Leave the pictures out and return every line below exactly.

[Opening Data shown section]

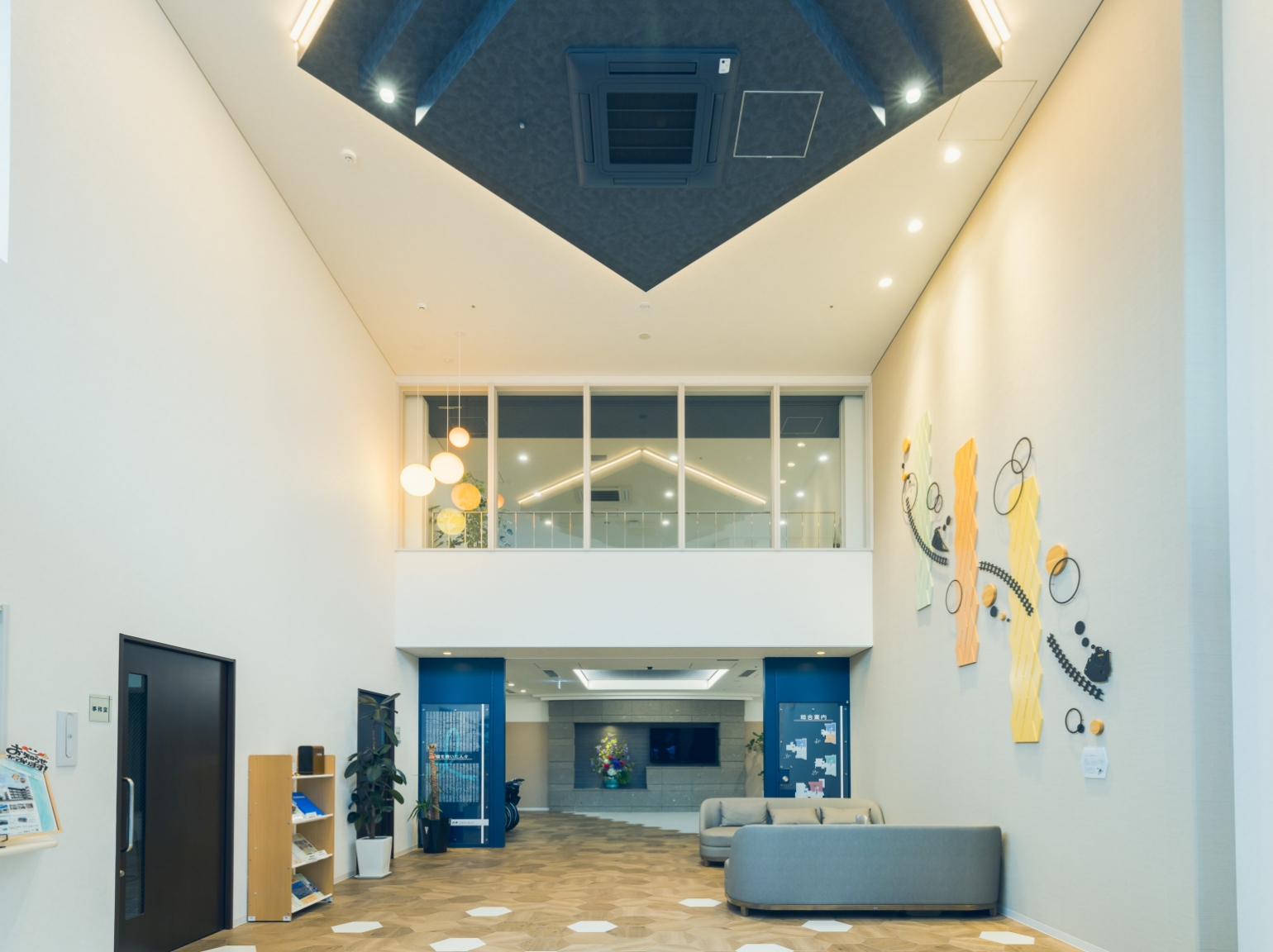 施設内は、入居者の心地よい空間を意識し、全居室に見守りカメラとセンサーを導入。また共同生活スペース等に自動調光調色照明をつけ、スケジュール運転することで、入居者が自宅にいるような心地良い空間を作り上げております。職員導線では、各階スタッフ室内に上下階段を設置。個浴、リフト浴、介助浴、機械浴等、様々な浴槽も設けております。
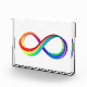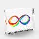 Bright symbol of infinity from plastic layers of red, yellow, green, turquoise, blue and purple saturated colors on white background.
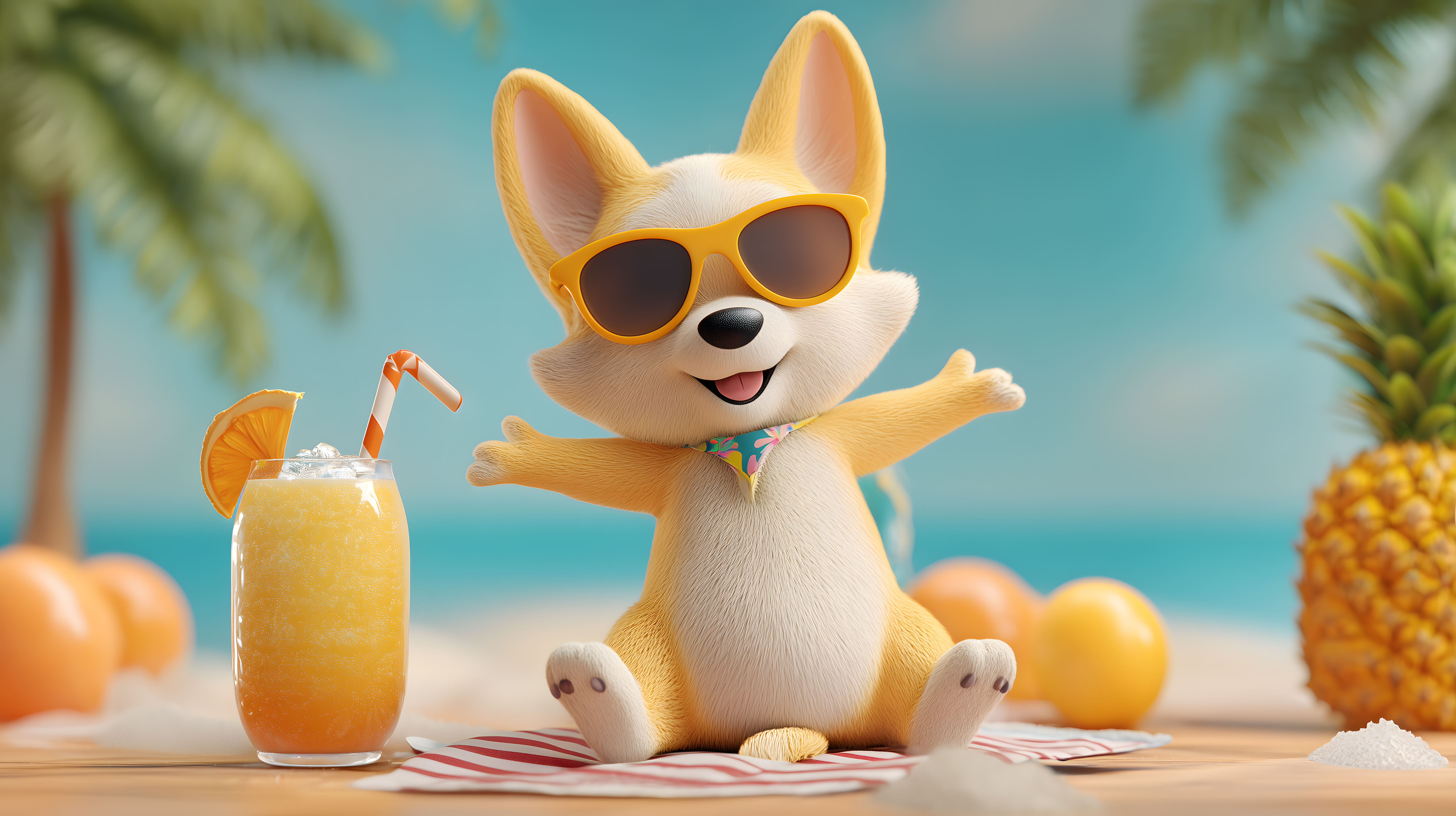 Das Bild zeigt einen niedlichen, gelben Corgi-Hund, der in einer tropischen Umgebung sitzend eine Sonnenbrille und einen Cocktail mit Orangenschnitz hält. Der Hund hat einen fröhlichen und entspannten Ausdruck und vermittelt eine sommerliche, urlaubsartige Stimmung.

[Closing Data shown section]

*Task result:*
 施設内は、入居者の心地よい空間を意識し、全居室に見守りカメラとセンサーを導入。また共同生活スペース等に自動調光調色照明をつけ、スケジュール運転することで、入居者が自宅にいるような心地良い空間を作り上げております。職員導線では、各階スタッフ室内に上下階段を設置。個浴、リフト浴、介助浴、機械浴等、様々な浴槽も設けております。
 Bright symbol of infinity from plastic layers of red, yellow, green, turquoise, blue and purple saturated colors on white background.
 Das Bild zeigt einen niedlichen, gelben Corgi-Hund, der in einer tropischen Umgebung sitzend eine Sonnenbrille und einen Cocktail mit Orangenschnitz hält. Der Hund hat einen fröhlichen und entspannten Ausdruck und vermittelt eine sommerliche, urlaubsartige Stimmung.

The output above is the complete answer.